Task requirements: Would you return the lines that run from the start of the data below to the line with "2、为玩家提供了升级助力,玩", both included, exactly as written and without pictures?

Source records:
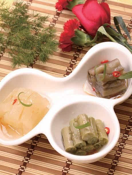 寧波“三臭”指的是臭冬瓜、臭莧菜梗、臭菜心(臭芋艿蓊),其最大特點是“聞聞是臭的,吃吃是香的”。寧波人食“臭”歷史悠久,清代范宣《越諺》的“莧菜!敝袑懙溃骸扒{見《易夫卦》,其梗如蔗段,腌之氣臭味佳,最下飯!薄叭簟敝谱髟砀B興的霉豆腐、霉千張、霉筍相似,但風味不一樣。
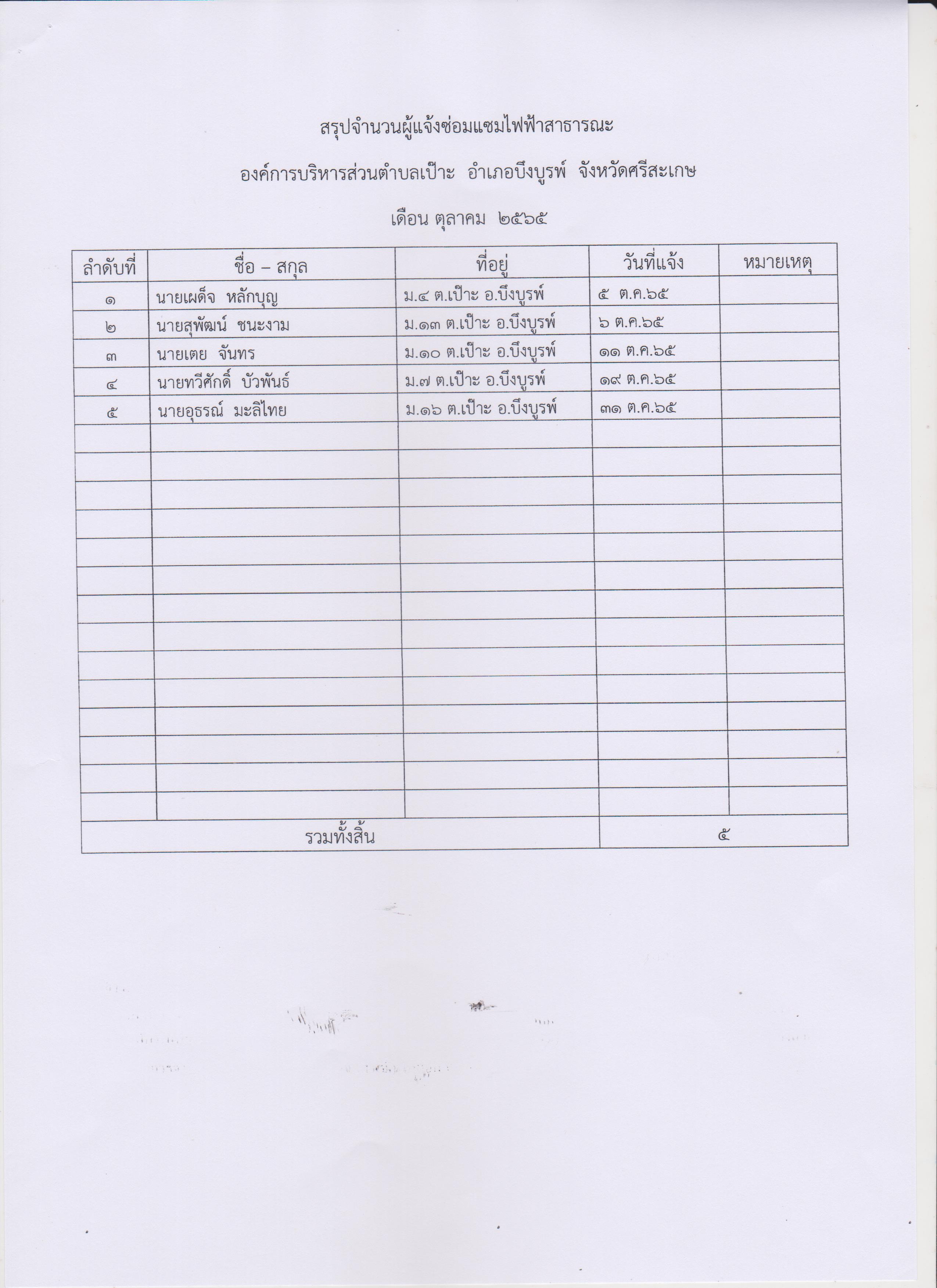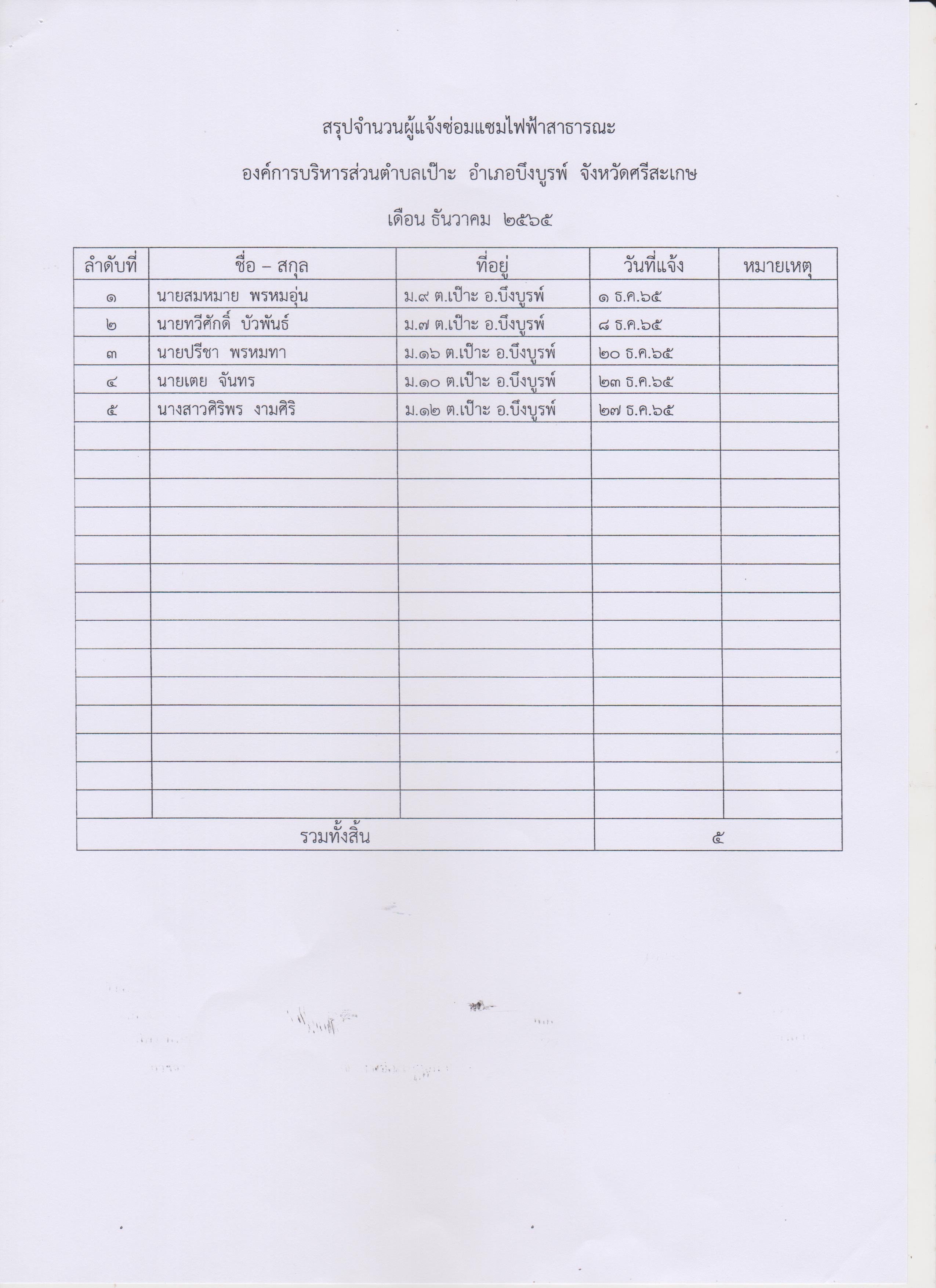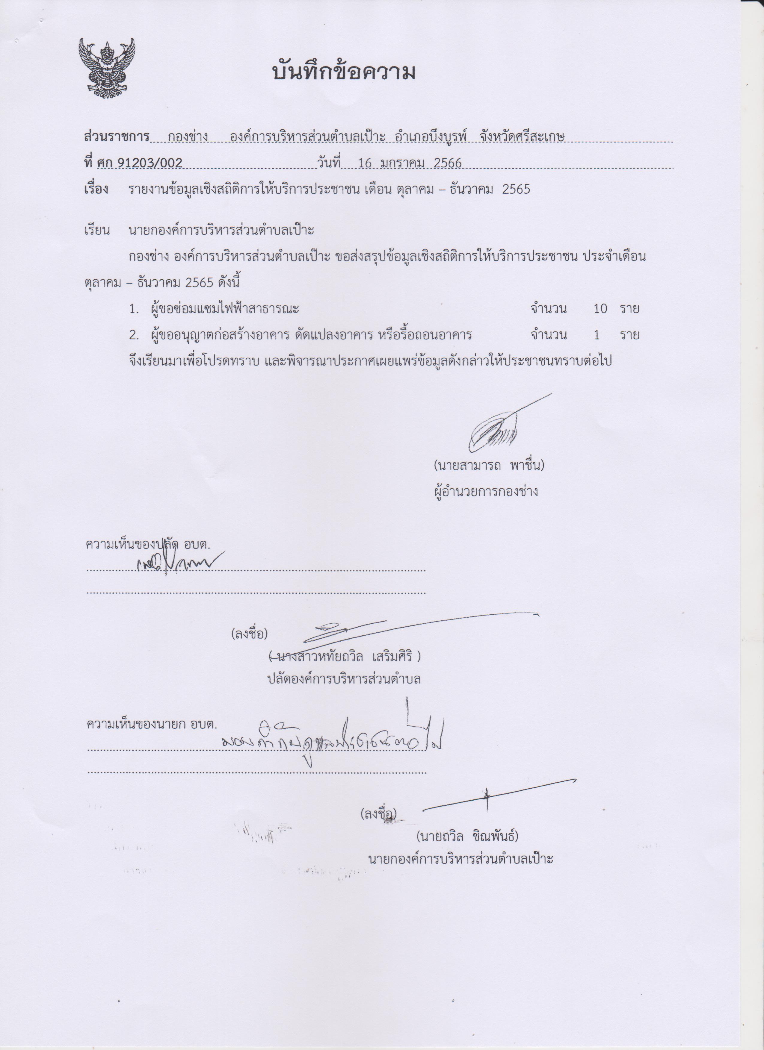สถิติการให้บริการประชาชน กองช่าง ต.ค.-ธ.ค.65
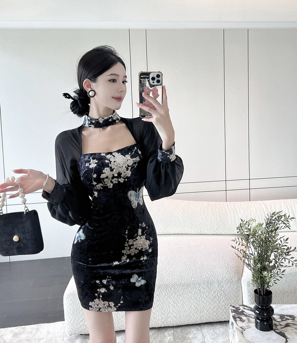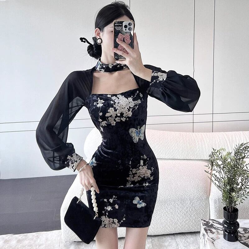 生放送服女性アンカー pogenic 若いセクシーなメッシュ スプライシング改良版チャイナ ドレス yeyij67492913019
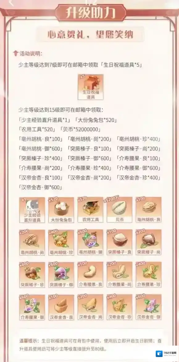 2、为玩家提供了升级助力,玩家等级达到7级即可在邮箱中领取「生日祝福道具*5」,等级达到15级即可在邮箱中领取大量升级道具。
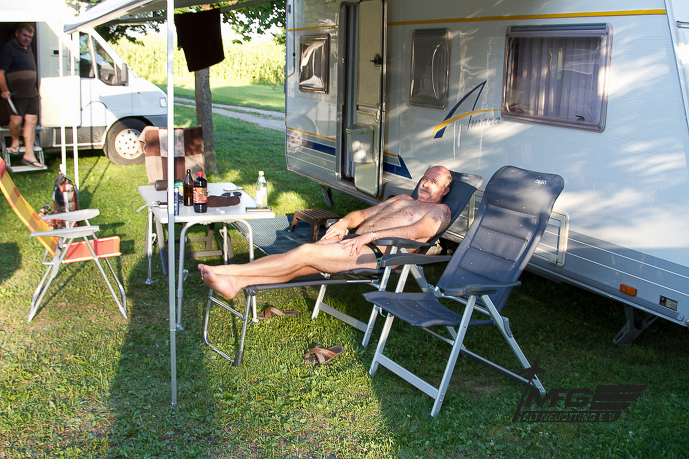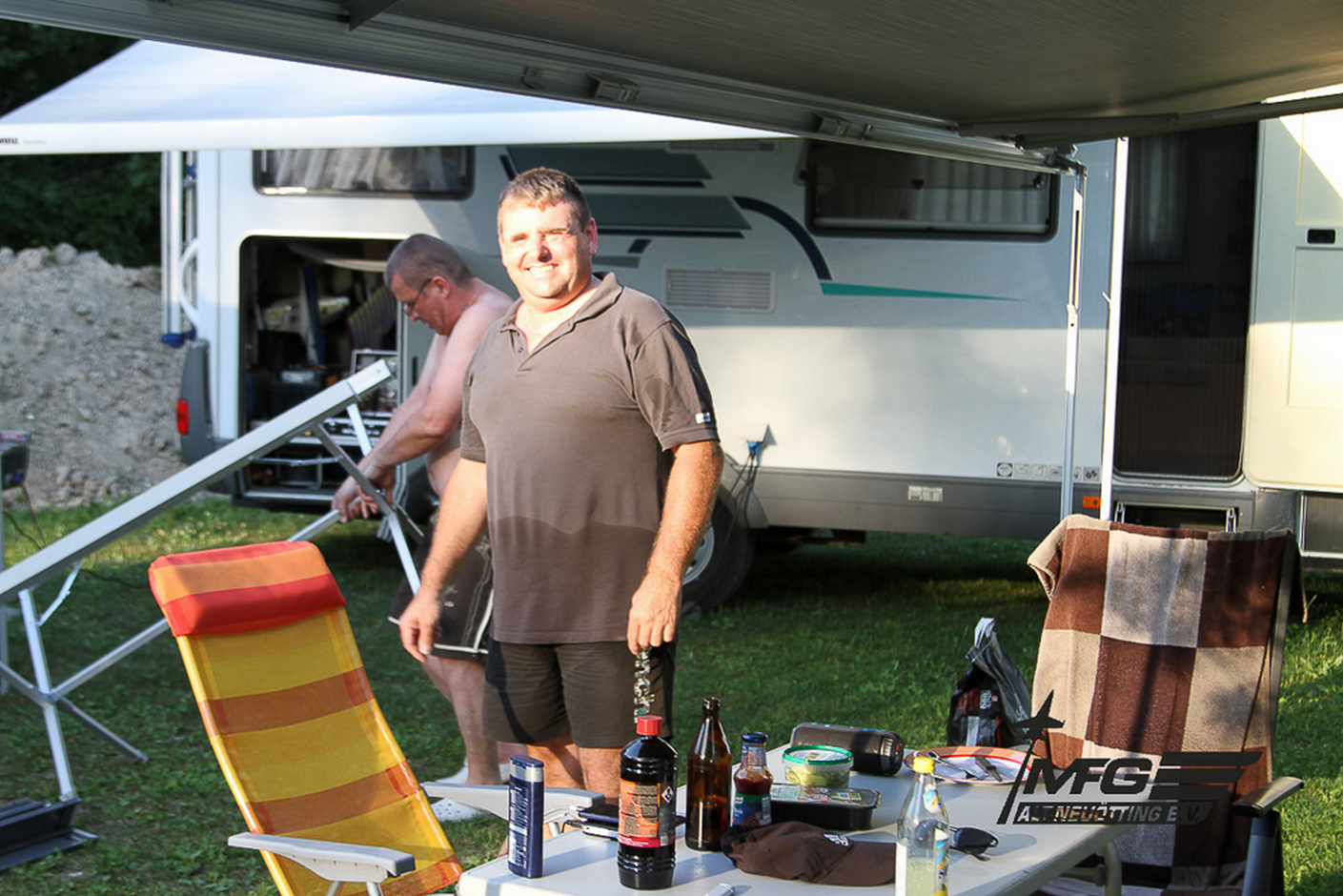 Der Grill wurde mit allerlei Köstlichkeiten gefüttert, die mitgebrachten Salate und das eine oder andere Bierchen nahmen schnell den Platz auf den Tischen ein. Das anstehende Gewitter zog, wie so oft schon, an uns vorbei und der wirklich heftige Wetterumschwung kam spät genug.
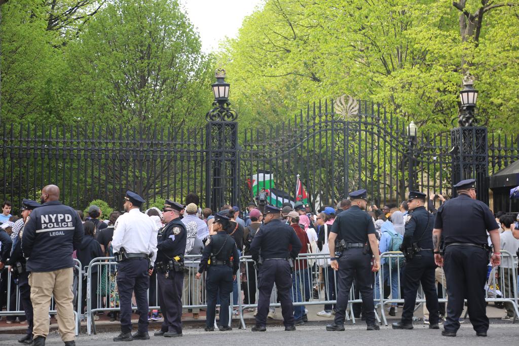 2024年4月30日,警察在美國紐約哥倫比亞大學外警戒。新華社記者 劉亞南 攝

Result of the task:
 寧波“三臭”指的是臭冬瓜、臭莧菜梗、臭菜心(臭芋艿蓊),其最大特點是“聞聞是臭的,吃吃是香的”。寧波人食“臭”歷史悠久,清代范宣《越諺》的“莧菜!敝袑懙溃骸扒{見《易夫卦》,其梗如蔗段,腌之氣臭味佳,最下飯!薄叭簟敝谱髟砀B興的霉豆腐、霉千張、霉筍相似,但風味不一樣。
สถิติการให้บริการประชาชน กองช่าง ต.ค.-ธ.ค.65
 生放送服女性アンカー pogenic 若いセクシーなメッシュ スプライシング改良版チャイナ ドレス yeyij67492913019
 2、为玩家提供了升级助力,玩家等级达到7级即可在邮箱中领取「生日祝福道具*5」,等级达到15级即可在邮箱中领取大量升级道具。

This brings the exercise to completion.